> **Instructions for the task**: Drop the pictures; give again exactly the lines from the one holding "Продукты SUNBRELLA обеспечивают" through the end of the data.

> **Dataset extract**:
>>>>>
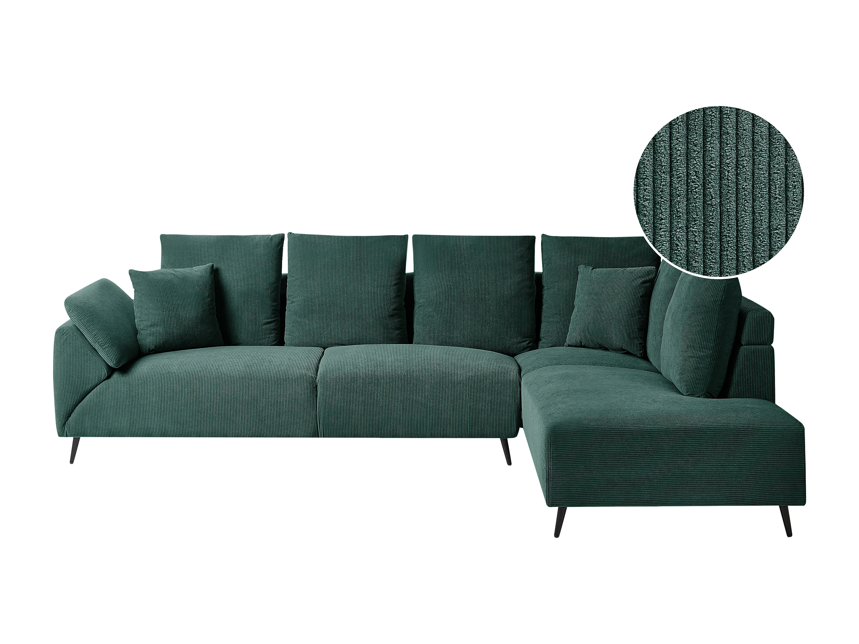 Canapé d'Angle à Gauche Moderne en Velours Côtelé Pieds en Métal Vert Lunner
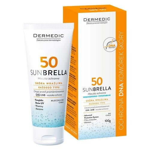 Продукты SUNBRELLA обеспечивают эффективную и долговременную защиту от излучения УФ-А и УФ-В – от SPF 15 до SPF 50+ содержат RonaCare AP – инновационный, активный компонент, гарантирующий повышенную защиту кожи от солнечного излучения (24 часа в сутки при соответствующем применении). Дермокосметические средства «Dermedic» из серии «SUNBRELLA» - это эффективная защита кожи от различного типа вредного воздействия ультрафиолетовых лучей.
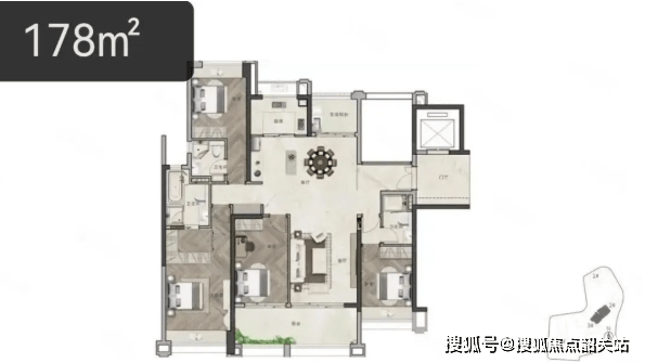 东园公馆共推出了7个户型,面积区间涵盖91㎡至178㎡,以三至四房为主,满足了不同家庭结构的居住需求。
<<<<<
> **Response area**:
 Продукты SUNBRELLA обеспечивают эффективную и долговременную защиту от излучения УФ-А и УФ-В – от SPF 15 до SPF 50+ содержат RonaCare AP – инновационный, активный компонент, гарантирующий повышенную защиту кожи от солнечного излучения (24 часа в сутки при соответствующем применении). Дермокосметические средства «Dermedic» из серии «SUNBRELLA» - это эффективная защита кожи от различного типа вредного воздействия ультрафиолетовых лучей.
 东园公馆共推出了7个户型,面积区间涵盖91㎡至178㎡,以三至四房为主,满足了不同家庭结构的居住需求。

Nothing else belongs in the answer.